What I really believe: essentially every raw genealogical record that we wish to extract information from can be thought of as describing an event, many of them multi-roled. Thus the object called a "Record" in the Record model I would simply call an Event object. The key facts about an Event object are its date and place and its role-players, so I wouldn't try to be fancy and think of these as examples of facts, but as they are as dates and places. The personas are constructed more or less as in the current Record model. The only issue becomes how are facts about the person that are true WITH RESPECT TO THE INTRINSIC PERSON, versus the facts that true WITHIN THE CONTEXT OF THE EVENT, to be treated differently.

The obvious answer to me has always been facts intrinsic to the person are put in the persona record, and facts true about the person only within the context of the event are placed in the role-references (that also contain the actual persona pointers) within the event objects.

I will readily concede that there may be important genealogical records (I really wish the GEDCOMX vocabulary did not overload the term "record" in so many ways) that might not be best interpreted as an event (though I haven't been able to come with any good examples!!), so the idea of converting every raw record to a single event object with personas hanging off, might not be universal, but it is surely handles the vast, vast majority of the cases, and also contributes to making the model easy to understand and process with.

The DeadEnds model covers these ideas in detail. There is never any redundancy about facts in a DeadEnds model. Every fact occurs once and in the most appropriate object.

EssyGreen commented 12 years ago

I totally agree :)

stoicflame commented 12 years ago

I'm listening :-)

I'm curious about the assumption that "events have roles" which reference personas. Why wouldn't it be that "personas have roles" that reference events? The latter seems significantly more natural to me. Am I backwards?

ttwetmore commented 12 years ago

Ryan, For an archival/transport format it could be either (or both). Once loaded into a database or imported in memory for algorithms it would presumably be placed in whatever format deemed best by the engineer.

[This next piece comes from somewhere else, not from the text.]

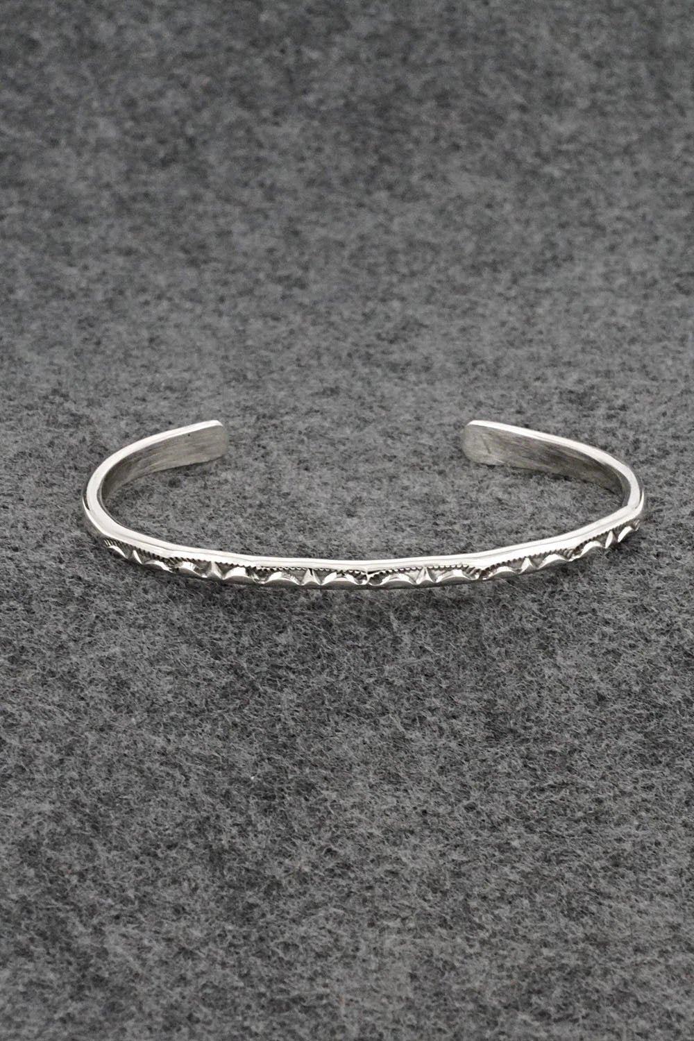 This bright-polish sterling silver bracelet was made by Navajo silversmith Elaine Tahe.

A role from an event to a persona (or vice versa) is more than just a pointer/reference/index. The role has other information. For example age of the person with respect to the event. In the Record Model you have chosen to put the age inside the persona record. To me this is incorrect, as I believe the only facts/protperties/atrributes inside a person record should be intrinsic to the person. Of course this breaks down almost immediately when you think of a name as a non-intrinsice property of a person. And I don't like the age in there because it introduces an artificial (in my opinion) difference between the persona record and the person record, when, in my opinion, there shouldn't be.

EssyGreen commented 12 years ago

@ttwetmore +1

Also, if you have thing->Persons->Roles-Events you must also have thing->Events to cater for things where there are no Persons (or none of interest) e.g. a description of WW1 or of a particular place or details about what a particular occupation was like in the 1840s etc

Hence both the Event and the Person would need a reference to the thing they were contained in ... this then raises the question (in a Relational Model) about data integrity .... Is it OK to have a Role with a Person from one thing and an Event from another thing? If so, what does this mean? If not, then it adds extra complexity to the business logic when validating the objects.

stoicflame commented 12 years ago

I'm just doing some issue scrubbing here.

Does anyone disagree that this issue is covered by the thread at #134? Because if there are no objections, I'd like to close this one and consolidate discussion on this topic at #134...

EssyGreen commented 12 years ago

Fair enough - since I started it I'll close it down :)